Non-Interest Income. As was the case for the quarter, the $540,000, or 298.3% increase in non-interest income for the six months ended June 30, 2012 over the comparable period in 2011 was primarily attributable to a $331,000 gain on sale of investment securities available for sale during the quarter ended June 30, 2012, a $192,000 increase in fee income generated by Quaint Oak Bank’s mortgage banking and title abstract subsidiaries, a $32,000 gain on the sale of an SBA loan, and an $8,000 increase in other fees and service charges. These increases were offset by an aggregate loss of $6,000 realized on the sale of two other real estate owned properties and a decrease of $17,000 in other non-interest income.
37
Non-Interest Expense. Non-interest expense increased $251,000, or 17.3%, from $1.5 million for the six months ended June 30, 2011 to $1.7 million for the six months ended June 30, 2012. Salaries and employee benefits expense accounted for $194,000 of the change as this expense increased 23.6%, from $822,000 for the six months ended June 30, 2011 to $1.0 million for the six months ended June 30, 2012 due primarily to increased staff as the Company expanded its mortgage banking and lending operations. Also contributing to the period over period increase was a $52,000, or 48.6%, increase in occupancy and equipment expense, a $39,000, or 37.5%, increase in other expense, a $16,000, or 10.5%, increase in professional fees, and a $6,000, or 26.1%, increase in advertising expense. The increase in occupancy and equipment expense was primarily related to the move of our Delaware Valley office from 607 Lakeside Office Park, Southampton, PA to a larger facility at 501 Knowles Avenue, Southampton, PA and computer system upgrades. Offsetting these increases was a $41,000, or 80.4%, decrease in other real estate owned expense, a $12,000, or 15.6%, decrease in FDIC deposit insurance expense, and a $3,000, or 2.7% decrease in directors’ fees and expenses. The period over period decrease in other real estate owned expense was directly related to the decline in other real estate owned from $1.2 million at June 30, 2011 to $25,000 as of June 30, 2012.
Provision for Income Tax. The provision for income tax increased $161,000, or 85.6%, from $188,000 for the six months ended June 30, 2011 to $349,000 for the six months ended June 30, 2012 due primarily to the increase in pre-tax income as our effective tax rate remained relatively consistent at 38.9% for the 2012 period compared to 40.7% for the comparable period in 2011.
Liquidity and Capital Resources
The Company’s primary sources of funds are deposits, amortization and prepayment of loans and to a lesser extent, loan sales and other funds provided from operations. While scheduled principal and interest payments on loans are a relatively predictable source of funds, deposit flows and loan prepayments are greatly influenced by general interest rates, economic conditions and competition. The Company sets the interest rates on its deposits to maintain a desired level of total deposits. In addition, the Company invests excess funds in short-term interest-earning assets that provide additional liquidity. At June 30, 2012 the Company's cash and cash equivalents amounted to $9.3 million.

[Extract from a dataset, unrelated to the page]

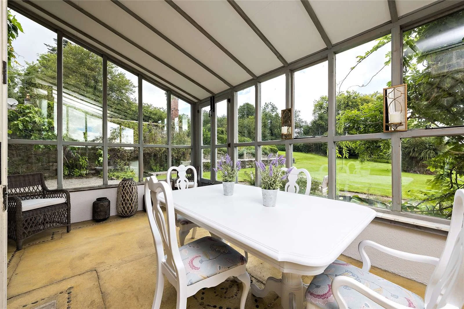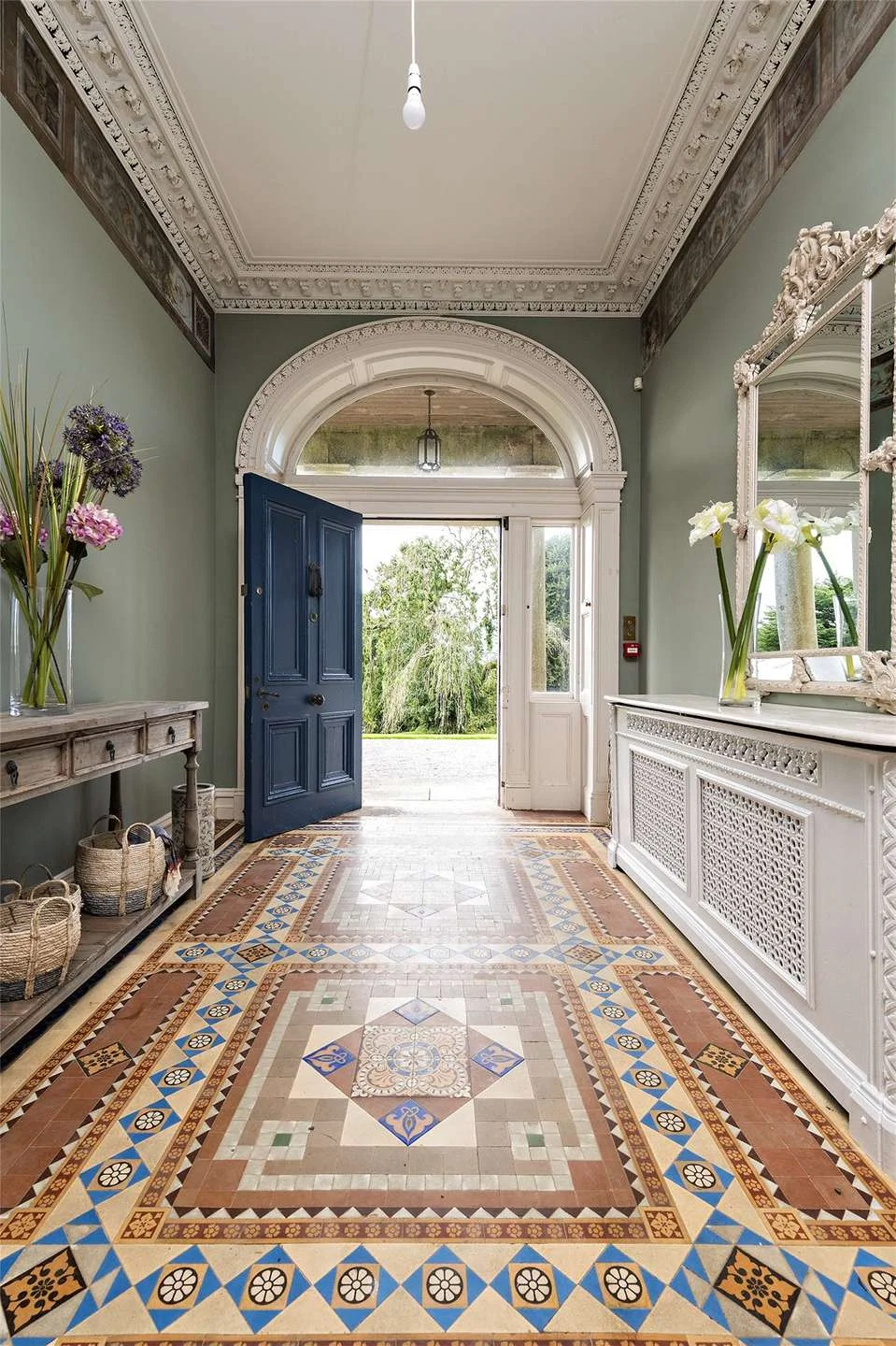 Aughrim House is secluded and quiet, a winding private road leading under a stone arch and into the gravelled courtyard. Up the stone steps and through the front door is a light-filled hall, which divides the south-facing drawing and living rooms. Both still boast a number of period features including corniced ceilings, centre roses, and magnificent open fireplaces.

At such date, the Company also had $4.3 million invested in interest-earning time deposits maturing in one year or less.
The Company uses its liquidity to fund existing and future loan commitments, to fund deposit outflows, to invest in other interest-earning assets and to meet operating expenses. At June 30, 2012, Quaint Oak Bank had outstanding commitments to originate loans of $2.8 million and commitments under unused lines of credit of $6.5 million.
At June 30, 2012, certificates of deposit scheduled to mature in less than one year totaled $31.1 million. Based on prior experience, management believes that a significant portion of such deposits will remain with us, although it is dependent on our deposit pricing strategy at the time of maturity and there can be no assurance that this will be the case.
In addition to cash flow from loan payments and prepayments and deposits, the Company has significant borrowing capacity available to fund liquidity needs. If the Company requires funds beyond its ability to generate them internally, borrowing agreements exist with the Federal Home Loan Bank of Pittsburgh, which provide an additional source of funds. As of June 30, 2012, we had $2.8 million of advances from the Federal Home Loan Bank of Pittsburgh and had $44.9 million in borrowing capacity. We are reviewing our continued utilization of advances from the Federal Home Loan Bank as a source of funding based on the decision in December 2008 by the Federal Home Loan Bank to suspend the dividend on, and restrict the repurchase of, Federal Home Loan Bank stock. The amount of Federal Home Loan Bank stock that a member institution is required to hold is directly proportional to the volume of advances taken by that institution. Should we decide to utilize sources of funding other than advances from the Federal Home Loan Bank, we believe that additional funding is available in the form of advances or repurchase agreements through various other sources. Quaint Oak Bank currently has two additional line of credit commitments with two different banks totaling $1.5 million. There were no borrowings under these lines of credit at June 30, 2012.
38
Our stockholders’ equity amounted to $16.3 million at June 30, 2012, an increase of $587,000 from December 31, 2011. Contributing to the increase was net income for the six months ended June 30, 2012 of $549,000, amortization of stock awards and options under our stock compensation plans of $59,000, common stock earned by participants in the employee stock ownership plan of $53,000, and accumulated other comprehensive income of $33,000. These increases were offset by dividends paid of $74,000 and the purchase of 3,305 shares of the Company’s stock as part of the Company’s stock repurchase program, for an aggregate purchase price of $33,000. For further discussion of the stock compensation plans, see Note 8 in the Notes to Unaudited Consolidated Financial Statements contained elsewhere herein.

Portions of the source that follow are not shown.